Here's an answer to related question which looks a little better. 这是相关问题的答案 ,看起来好一点。 It inherits io.RawIOBase and overrides readinto . 它继承了io.RawIOBase并覆盖了readinto In Python 3 it's sufficient, so instead of wrapping IterStream in io.BufferedReader one can wrap it in io.TextIOWrapper . 在Python 3中它已经足够了,所以不是在io.BufferedReader中包装IterStreamio.BufferedReader可以将它包装在io.TextIOWrapper In Python 2 read1 is needed but it can be simply expressed though readinto . 在Python 2中需要read1 ,但它可以通过readinto简单地表达。
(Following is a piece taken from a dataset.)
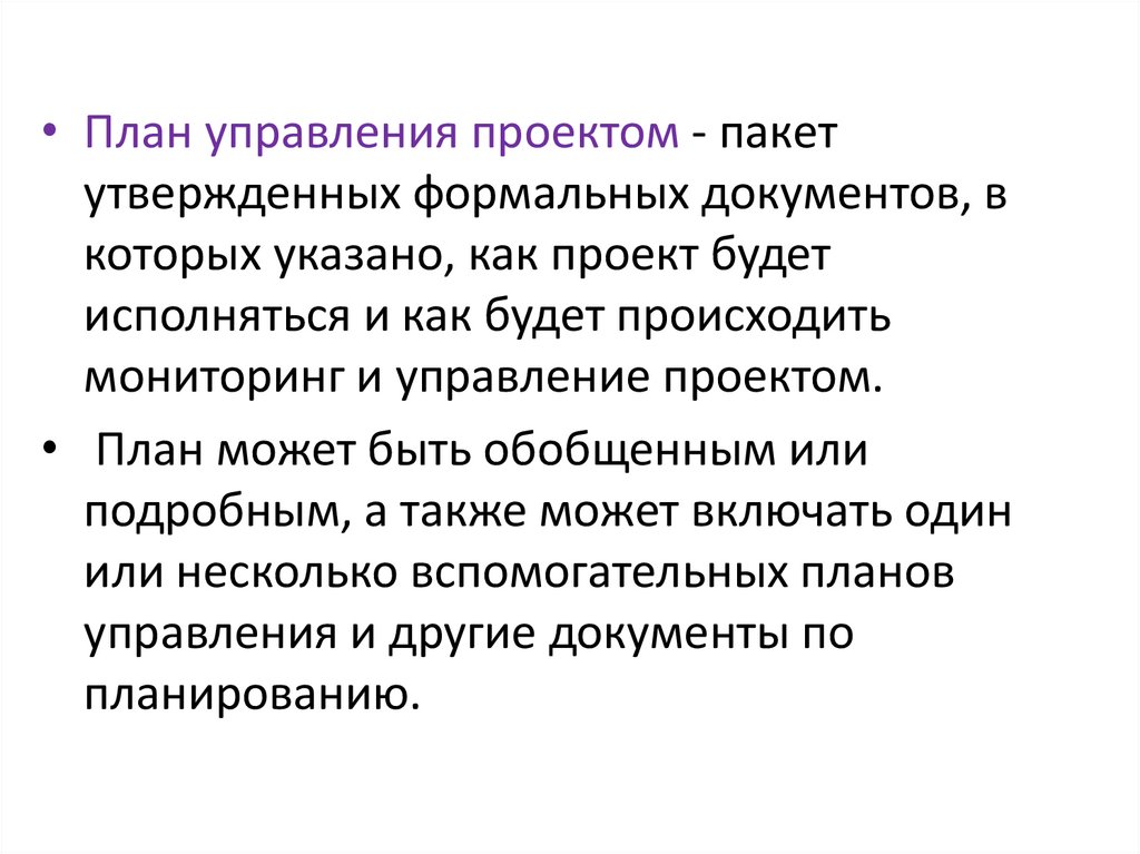 План управления проектом — это сводныйдокумент, который интегрирует все базовые и
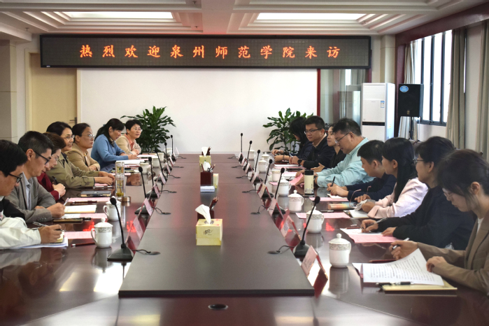 10月31日,泉州師范學院黨委委員、副校長夏侯建兵來校調研交流,我校在行政樓會議室召開座談會,副校長陳秀出席并主持會議,相關職能部門負責人參加會議。

this is exactly what stringIO is for .. 这正是stringIO的用途。

>>> import StringIO
>>> some_var = StringIO.StringIO("Hello World!")
>>> some_var.read(4)
'Hell'
>>> some_var.read(4)
'o Wo'
>>> some_var.read(4)
'rld!'
>>>

Or if you wanna do what it sounds like 或者,如果你想做它听起来像

Class MyString(StringIO.StringIO):
     def __init__(self,*args):
         StringIO.StringIO.__init__(self,"".join(args))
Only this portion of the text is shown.